瞬は、一度大きく瞳を見開き、それから幾度か瞬きを繰り返すことになったのである。
氷河が自信に満ちて告げることが、瞬には理解の範疇を超えたものだったのだ。
そんな恋の生まれ方があるものだろうか。
瞬は、恋というものは、人の心の優しさや美しさに 人の心が共鳴することで生まれるものだと思っていた。
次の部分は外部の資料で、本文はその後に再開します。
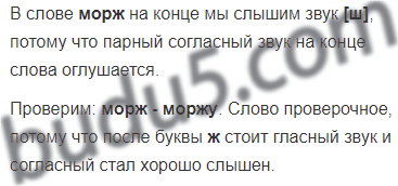 Обрати внимание на слово морж. Какой звук ты слышишь в конце? Рассмотри, как написано это слово. Какая буква написана в конце слова? Что же получается: слышится звук [ш], а пишется буква ж. Почему? Ответ на этот вопрос ты можешь найти в самом стихотворении. Найди проверочное слово к слову морж. Почему оно проверочное? Какая буква написана в этом слове после ж?

「どっちにしても、もう離さないぞ。おまえは俺のものだ」
氷河の考えは、瞬とは違っているらしい。
好きになったきっかけなど気にしていても意味はないと言って、彼は瞬を抱きしめてきた。
瞬の髪に唇を押し当て、低く囁く。
「タコの片思いなんて、どうでもいい他人のことばかり気にして、俺の気持ちに一向に気付いてくれないおまえが可愛くて仕方ない」
「氷河……」

恋に落ちたきっかけなど、確かにどうでもいいことなのかもしれないと、瞬は氷河の胸の中で思ったのである。
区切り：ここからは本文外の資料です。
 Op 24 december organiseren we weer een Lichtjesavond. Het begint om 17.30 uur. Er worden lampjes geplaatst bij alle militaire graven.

今 こうして氷河に抱きしめてもらっていることが、これほど心地良いのなら――と。
その心地良さの中には、少しばかり困惑の気持ちも混じってはいたのだが。
なにしろ、勇気を出して告白してみたら、本当に恋が実ってしまったのだ。
カシオスが言っていた通りに。

臆病だった自分を抱きしめてくれる氷河の腕が温かい。
その温かさが、瞬に涙を運んできた。
なぜ この温かさは、カシオスやシャイナには手に入れることのできないものなのだろう。
瞬は氷河の胸の中で幸福で、そして、自分が幸福でいることに、罪悪感のようなものを感じ始めていた。